Moving groundbreaking science from the laboratory bench to the clinic so that it can have an immediate benefit to the patient is how you’re helping make progress in the fight against kids’ cancer. Members of Dr. Nick Foreman’s lab, Andrew Donson and Vladimir Amani, have systematically created drug sensitivity profiles on cell lines from major pediatric brain tumor types, including atypical teratoid rhabdoid tumor (ATRT), glioblastoma, diffuse intrinsic pontine glioma (DIPG), medulloblastoma, and ependymoma. By testing drugs already approved by the Food and Drug Administration (FDA) with known treatment effects in adults and often children, the results of this work can be rapidly applied to patient treatment plans and have an immediate effect on quality of life and outcomes in kids with brain cancer.

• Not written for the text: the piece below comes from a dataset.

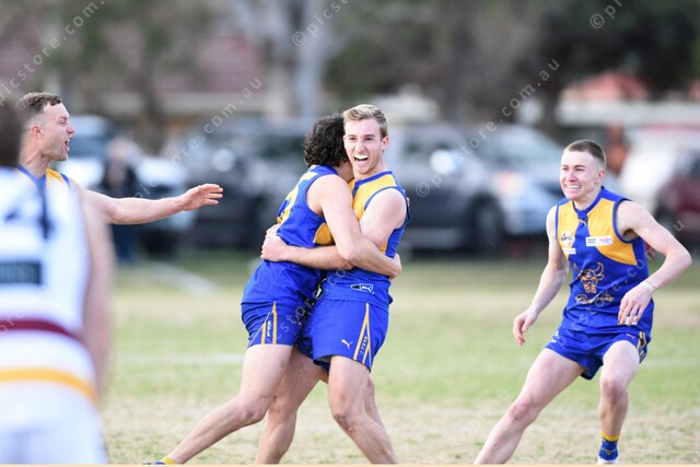 Last moments of the game, Joshua Stern (8 NP, blonde) kicks a goal and puts Noble Park back in front. 496429_27

Researchers started by testing the drugs in established cell lines for the major pediatric brain tumor types listed above, then compared the functional results of the screen to genomic and RNA data to determine whether the predicted targets of the drugs play a role in tumor growth or not. The advent of RNA sequencing technology has made drug screening panels of this type much easier, faster, and more cost-effective than ever before, and with that, there is hope that some drugs already approved by the FDA will prove effective against these cancers, providing a fast track to clinical use.

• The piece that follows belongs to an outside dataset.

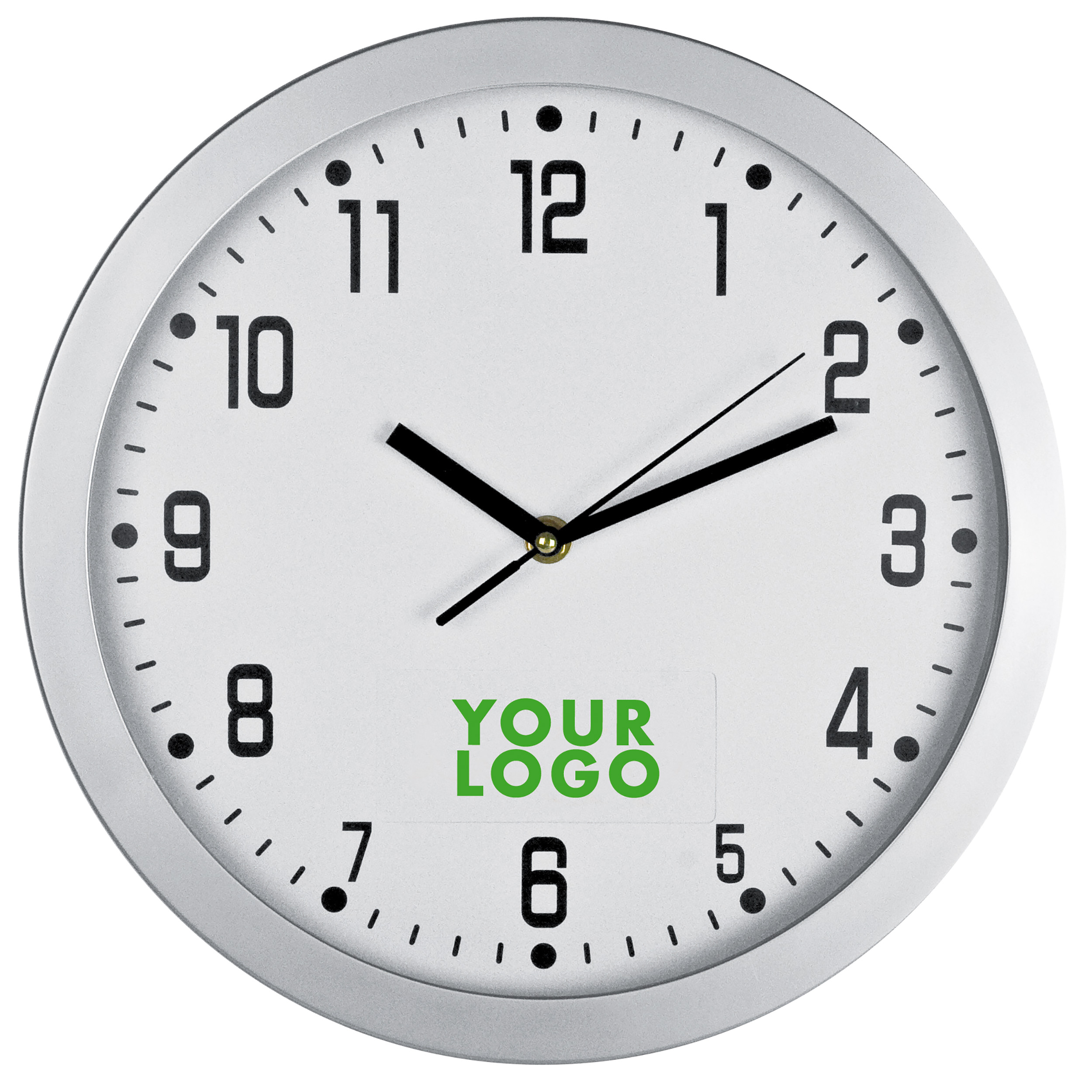 Wanduhr mit perfekter Lösung zur Bedruckung direkt auf dem Zifferblatt. Kein Auseinanderschrauben der Uhr nötig. Ihre Werbung wird auf das von hinten leicht entnehmbare Plättchen gedruckt.

Fluorouracil and Tretinoin, potent chemotherapy agents used for several pediatric cancers, were identified as potential treatment for pediatric ependymoma. From this, Donson and Amani published a groundbreaking ependymoma targeted therapy paper. This prompted Dr. Katie Dorris, who conducts neuro-oncology clinical trials at Children’s Hospital Colorado, to present a pilot clinical trial for ependymoma and high grade glioma to the Pediatric Brain Tumor Consortium. Researchers will continue to study the combination of Fluororacil and Tretinoin in the lab, and then Dr. Dorris will submit a written proposal for the trial to the PBTC.

Funding from The Morgan Adams Foundation has allowed the project to continue with the expansion of the drug screening to all tumor types, particularly those for which
there are currently no effective treatment options beyond surgical resection and radiation. The process can now be used in short-term cultures from brain tumors of children undergoing treatment at Children’s Hospital Colorado, which allows researchers to identify effective drugs for rarer tumor types that don’t have established cell lines. The Morgan Adams Foundation Pediatric Brain Tumor Research Program is one of few research facilities that has data from several short-term cultures for a variety of tumor types.

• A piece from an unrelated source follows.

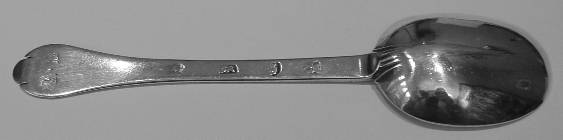 | 78. | Queen Anne silver Dognose pattern tablespoon with a bead & reeded ratail , c.1703 by Spackman, prick-dot 'IB' over 'IC' over '1703'. L-19.6cm; W-44g. ~ reasonable condition, marks a little worn, date letter unreadable. Est. 300-325. | £290 |

In his work on ependymoma, Amani has been screening drugs for the two main subtypes of the tumor that arise in different parts of the brain, supratentorial
(forebrain) and posterior fossa (hindbrain). He has found that many drugs proposed for ependymoma treatment that are effective in posterior fossa ependymoma tumors have no effect on supratentorial ependymoma tumors, suggesting that the two should potentially be considered separate and distinct diseases.

In addition, Donson and Amani have taught fellow researcher Andrew Morin from Dr. Jean Mulcahy-Levy’s lab how to run the drug screen panels; he has been screening ATRT cell lines for prospective drugs. Morin has found that proteasome inhibitors appear to work well, especially when compared to the drugs currently used for ATRT  treatment. He has started in vivo studies of a new proteasome inhibitor called Marizomib, which may be able to successfully cross the blood-brain barrier. The outcome is forthcoming, but initial results are promising, and Morin has been contacted by the drug company that owns Marizomib to discuss clinical trials.

We are very proud of the groundbreaking projects our researchers are working on every day and their commitment to finding better and safer treatment options for kids with cancer. The application of streamlined translational research using FDA-approved drugs that can be brought into the clinic quickly for immediate patient benefit is exactly what we mean when we talk about taking research from “bench to bedside” and is just one reason you’re helping researchers make strides against pediatric cancer.